Het is mij de afgelopen donkere periode bewust geworden dat ik teveel herinneringen heb. Nu geloof ik niet dat ons geheugen een spoelbak met een vlotter is, die niet boven de maximummarkering kan worden gevuld zonder dat er lekkages optreden. In theorie, zo spreken hersenwetenschappers plechtig, kunnen we oneindig veel herinneringen ‘opslaan’ in onze grijze cellen. Waar komt het gevoel dan vandaan dat het er teveel zijn, en dat nog wel voordat de eerste helft statistisch gezien goed en wel voorbij is?
Zich herinneren is een activiteit die energie vereist. Het zou dus bevorderlijk moeten zijn voor mijn overlevingskansen, anders was het in de evolutionaire aanloop naar mijn bescheiden bestaan wel uitgesorteerd. Ik pieker dus, naast het dagelijkse terugdenken aan reizen, jeugdscènes, erotisch en culinair genot, ook nog over nut en nadeel van herinneren. Get me out of here!
Daniel Kahneman, nobelprijswinnaar en bedenker van behavioral economics, onderscheidt het ervarende zelf en het herinnerende zelf. Hij verzint gedachte-experimenten zoals dit, waarbij je op vakantie gaat en naderhand wordt je geheugen samen met al je vakantiefoto’s gewist. De vraag is of je nog steeds voor dezelfde bestemming kiest. Zo niet, dan is er een conflict tussen je ervarende en herinnerende zelf. Ik ken het gevoel, quasi bewust aan een herinnering te werken, vooral wanneer ik iets met mijn dochter onderneem. Ik ben er namelijk van doordrongen dat ze niet eeuwig een draagbare kleuter zal zijn. Er zijn herinneringen die ik zo bewust heb gecreëerd en de tijd dat ik aan het terugdenken besteed is veel groter dan de gebeurtenis zelf (het gaat om een boottochtje van een kwartier of een lunch op een bergtop). Kahneman zelf geeft in deze TED-talk voorbeelden van de tegengestelde situatie, waarbij we in verhouding veel minder tijd besteden aan het terugroepen van de herinnering (een vakantie van twee weken, slechts een paar uur foto’s kijken).

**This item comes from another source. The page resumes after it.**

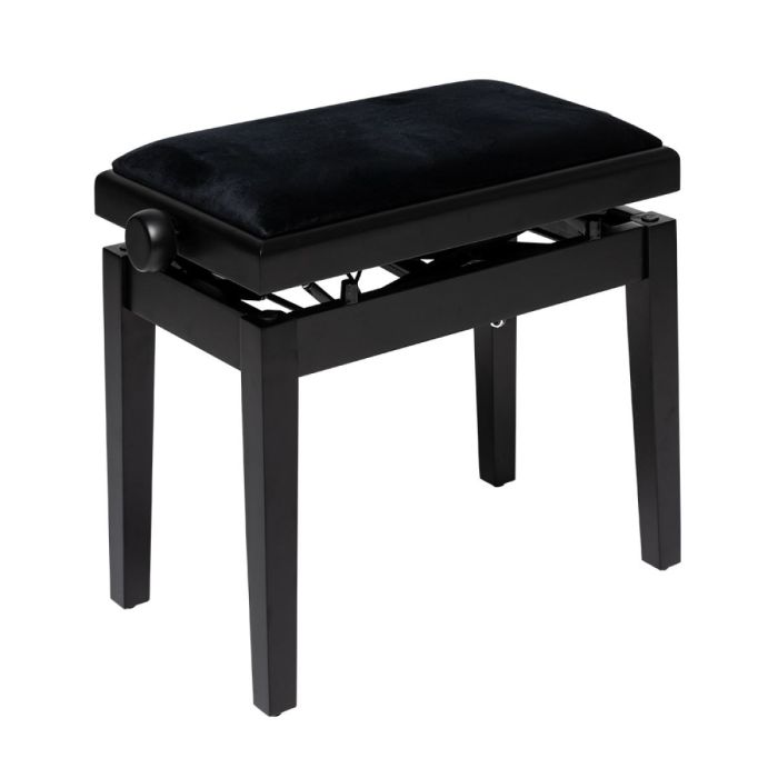 - matzwarte, hydraulisch verstelbare pianobank met brandvertragende zwartfluwelen zitting

Mijn excuses voor het gebrek aan structuur van deze tekst. Dat verkoop ik hier dan maar als moedig je zwakke punt tonen, niet proberen te verhullen dat ik weinig te zeggen heb. Heerlijk dat dat op een eigen blog allemaal kan, zo bevrijdend. Met die herinneringen ging het me trouwens om die momenten dat je achter je laptop zit, of op de badkamer, of waar dan ook, en er blijven zich fragmenten aan je opdringen van autoritten, oude vrienden, films, feestjes, wandelingen, steden, restaurants, ruzies, tentamens. Om die vermoeiende stroom te stoppen ben ik met meditatie begonnen. Lopen of stilzitten, diep ademen en de geest steeds terugroepen naar de ademervaring. Hoewel het uiteindelijk zal falen, lijkt het te werken, ik heb enigszins controle over de herinneringen.
Het is fijn om het antwoord niet te hoeven geven, dat je geen idee mag hebben of te vermoeid mag zijn om de literatuur door te nemen. Dat we de prestatiedwang mogen negeren en heerlijk halfzacht mogen zijn. Dat we mogen falen.